The sun
going down on Cape Town
was etched in my conscious memory as one of the most beautiful, intrinsic
events that I would ever experience. And when I was off duty, I would go to immerse
myself in the Johannesburg nightlife, entertained by the beauty of the dark
skinned women and the lighter skinned locals. I was still shy at this point and
I needed to find a woman because maybe it would take my sorrows away from where
I was and why I was there. Why was I there anyways? I just followed orders and
took my chances. This could have been anywhere else but I was here.
I met her at 19. She was a brown skinned
woman and she was 19 as well. I didn't really want to have sex at this point. My
mind was on my job and it would take a special woman to get me whatever
"out" meant. We would make out in the vegetable garden for hours and
look into the sky. I was happy. Is this what love feels like? Nothing like the
school nurse or Edna or any other of the women I would meet.
I fell in love in a vegetable garden, June
7.
She didn't speak English and there were no
words to say, just eye contact and smiles.

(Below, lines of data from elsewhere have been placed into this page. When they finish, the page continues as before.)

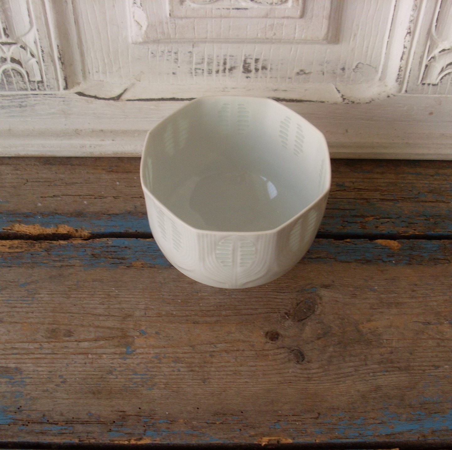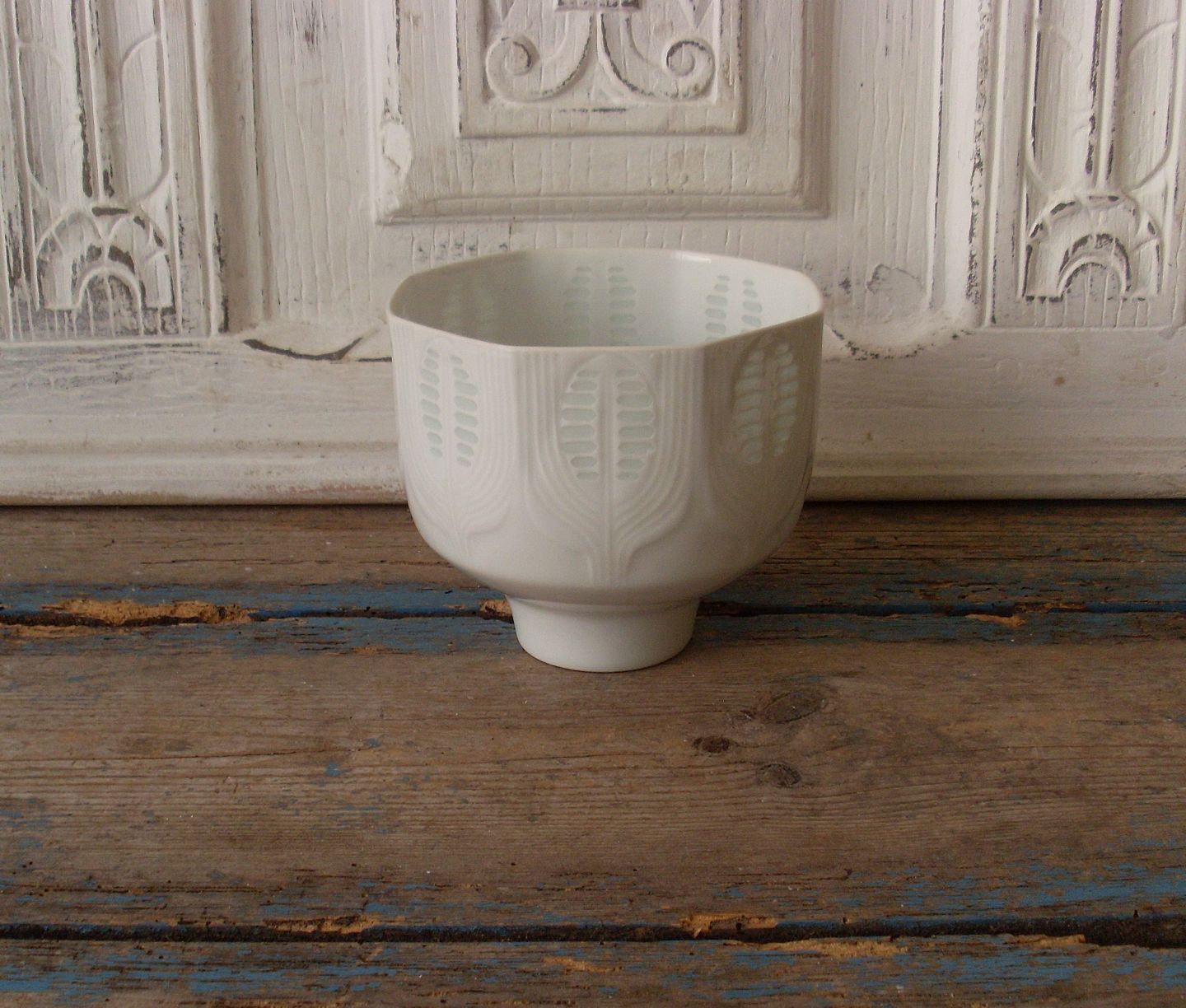Lisbeth Munch Petersen for B&G skål i Blanc de Chine, med mønster i relief i form af kornaks.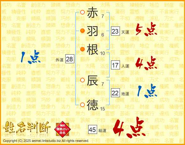 赤(7画)羽(6画)根(10画) 辰(7画)徳(15画)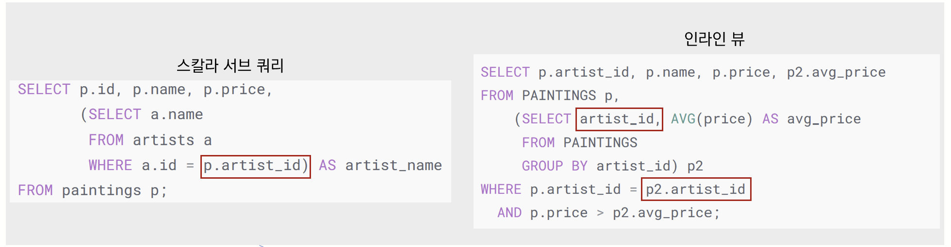 ➯ 반면, 인라인 뷰는 테이블 형태의 결과를 반환해야 하므로, 이 임시 테이블에는 메인쿼리에서 필요한 컬럼들이 포함되어야 한다. 인라인 뷰는 메인 쿼리가 실행되기 전에 먼저 실행되어 그 결과를 임시 테이블로 제공한다. 그 결과를 메인쿼리에서 조인하여 사용하게 되므로, JOIN 조건으로 사용할 컬럼들을 반드시 서브쿼리의 SELECT 절에 명시해야 한다. 예를 들어, 서브쿼리에서 만약 avg(price)만 SELECT 할 경우, 메인 쿼리가 받는 임시 테이블은 avg_price 컬럼 하나만 가지게 되어 artist_id와의 조인을 할 수 없으므로 에러가 발생하게 된다.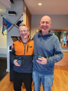 In keeping with the awareness of temperature, both ILCA fleets were given a four-lap race, to compact the finishing window for the whole Frostbite fleet. Six ILCA 7s were joined by a solitary ILCA 4 (Alex Butcher) in the second start – again a conservative one! Here the lead was taken by Hugh Delap at an early stage with Luke Murphy seemingly arriving to the start area slightly late but making up for that by heading the chasing pack behind Delap. Neil Hegarty took third in this fleet. Despite the cold, Conor O’Leary brought his usual cheery attitude to the race.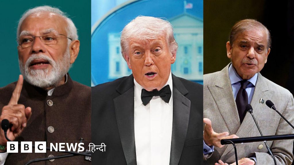 इमेज कैप्शन, भारत के प्रधानमंत्री नरेंद्र मोदी और पाकिस्तान के पीएम शहबाज़ शरीफ़ ने ट्रंप की डिनर पार्टी में हुई फ़ायरिंग के बाद बयान जारी किया
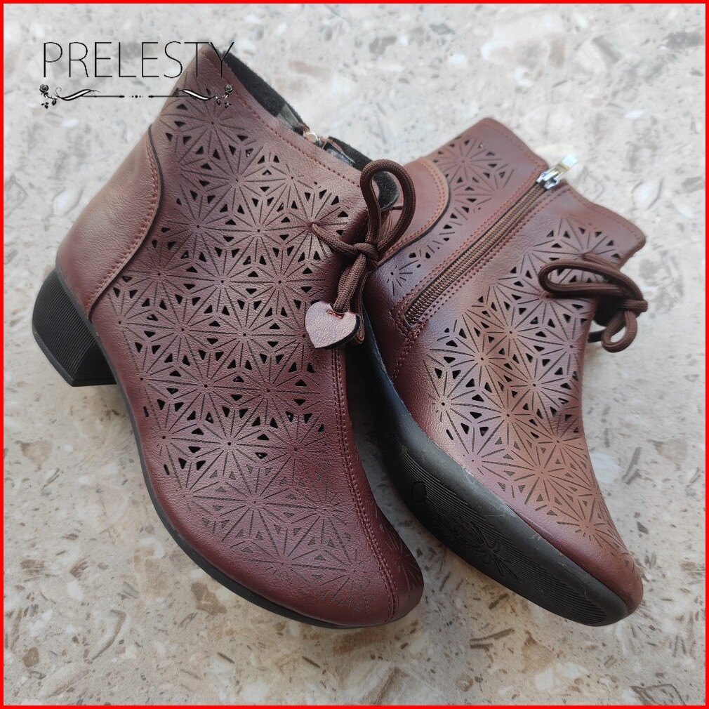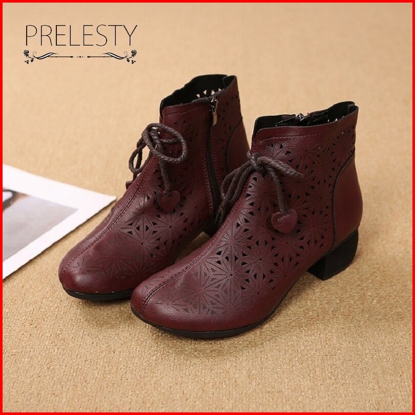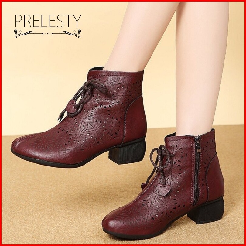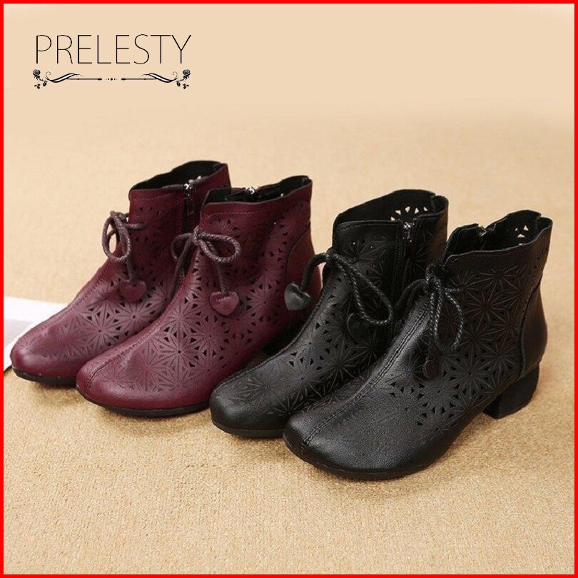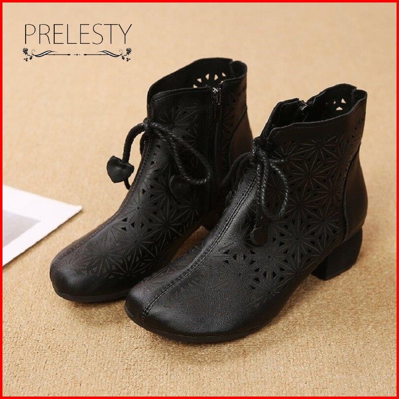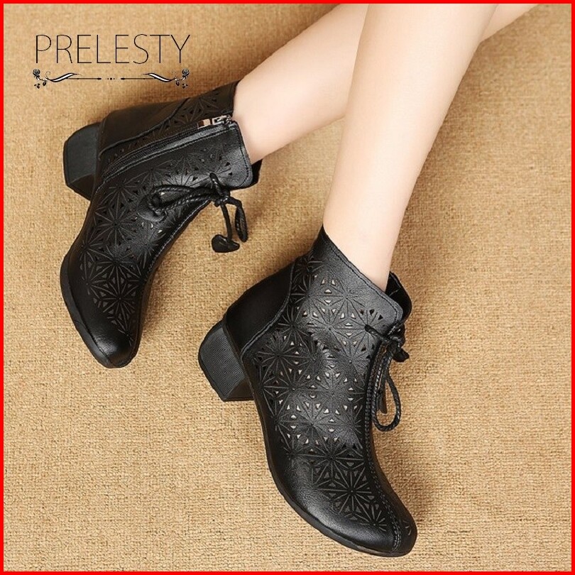 Musim Panas Bernapas Korea Cantik Kulit Asli Sepatu Boots Wanita Cewek Resleting Tali Tinggi Hak Casual Formal Kerja Kul

She'd grab my hand when it started
raining that night and directed me to a sign of the cross and this was the
first time I prayed with someone other than my mother. She closed her eyes and
I closed mine and we disappeared into an entity and I broke out laughing uncontrollably
and she smiled, with all her pearly white teeth and we were coming. I wanted
her, but I had to think of why I was there in the first place, and it was to
guard the High Commission of Canada.
We kissed, with no tongue, and I pecked at
her cheeks and all we did was laugh. I couldn't speak to her and she couldn't
speak to me but it was love. And I knew it would end and she disappeared into a
crowd in Johannesburg and I never saw her again.
Love.
I didn't want to go to work the next day.
Not able to sleep, I got out of bed at 04:00 and just prayed. I prayed for her
and I prayed for me and I prayed for love. I prayed for love. Her love. My
love. And the love of the one who knows. My love. And I prayed for an hour. An
eternity of prayer and love. One love. My love.